Transcribe exactly, leaving out pictures, the lines from the one that holds "近日 , 西昊全球首款智能人体工学椅" through the end of the data below, including both end lines and no others.

_Supplied material_:
......

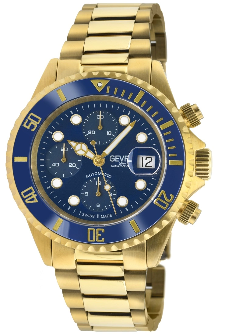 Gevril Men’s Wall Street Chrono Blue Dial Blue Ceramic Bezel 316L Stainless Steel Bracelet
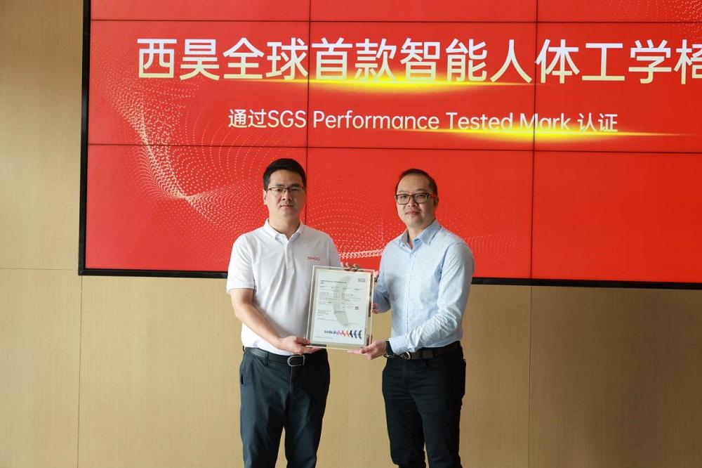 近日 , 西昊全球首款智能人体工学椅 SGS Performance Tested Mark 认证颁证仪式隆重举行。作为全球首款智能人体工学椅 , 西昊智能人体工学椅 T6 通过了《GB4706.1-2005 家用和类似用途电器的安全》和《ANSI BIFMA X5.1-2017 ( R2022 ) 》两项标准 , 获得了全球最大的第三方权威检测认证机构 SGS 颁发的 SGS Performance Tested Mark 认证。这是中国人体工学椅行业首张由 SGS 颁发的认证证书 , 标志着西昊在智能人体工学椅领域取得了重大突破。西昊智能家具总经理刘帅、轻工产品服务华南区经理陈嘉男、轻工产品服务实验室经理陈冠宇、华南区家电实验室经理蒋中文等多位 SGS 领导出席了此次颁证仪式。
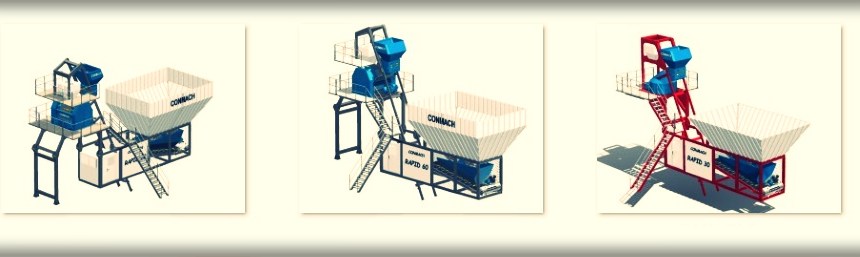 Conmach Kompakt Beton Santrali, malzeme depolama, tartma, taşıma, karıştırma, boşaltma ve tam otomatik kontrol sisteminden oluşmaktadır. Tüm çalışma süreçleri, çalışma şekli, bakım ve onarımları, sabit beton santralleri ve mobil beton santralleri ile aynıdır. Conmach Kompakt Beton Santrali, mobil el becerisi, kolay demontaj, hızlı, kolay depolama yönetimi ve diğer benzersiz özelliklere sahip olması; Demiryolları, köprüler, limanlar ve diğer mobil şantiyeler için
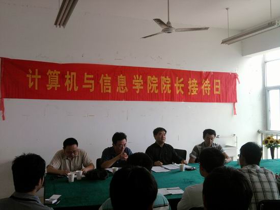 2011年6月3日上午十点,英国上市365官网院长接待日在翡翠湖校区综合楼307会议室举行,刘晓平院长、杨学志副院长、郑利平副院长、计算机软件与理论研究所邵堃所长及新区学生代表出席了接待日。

......

_Finished exercise_:
 近日 , 西昊全球首款智能人体工学椅 SGS Performance Tested Mark 认证颁证仪式隆重举行。作为全球首款智能人体工学椅 , 西昊智能人体工学椅 T6 通过了《GB4706.1-2005 家用和类似用途电器的安全》和《ANSI BIFMA X5.1-2017 ( R2022 ) 》两项标准 , 获得了全球最大的第三方权威检测认证机构 SGS 颁发的 SGS Performance Tested Mark 认证。这是中国人体工学椅行业首张由 SGS 颁发的认证证书 , 标志着西昊在智能人体工学椅领域取得了重大突破。西昊智能家具总经理刘帅、轻工产品服务华南区经理陈嘉男、轻工产品服务实验室经理陈冠宇、华南区家电实验室经理蒋中文等多位 SGS 领导出席了此次颁证仪式。
 Conmach Kompakt Beton Santrali, malzeme depolama, tartma, taşıma, karıştırma, boşaltma ve tam otomatik kontrol sisteminden oluşmaktadır. Tüm çalışma süreçleri, çalışma şekli, bakım ve onarımları, sabit beton santralleri ve mobil beton santralleri ile aynıdır. Conmach Kompakt Beton Santrali, mobil el becerisi, kolay demontaj, hızlı, kolay depolama yönetimi ve diğer benzersiz özelliklere sahip olması; Demiryolları, köprüler, limanlar ve diğer mobil şantiyeler için
 2011年6月3日上午十点,英国上市365官网院长接待日在翡翠湖校区综合楼307会议室举行,刘晓平院长、杨学志副院长、郑利平副院长、计算机软件与理论研究所邵堃所长及新区学生代表出席了接待日。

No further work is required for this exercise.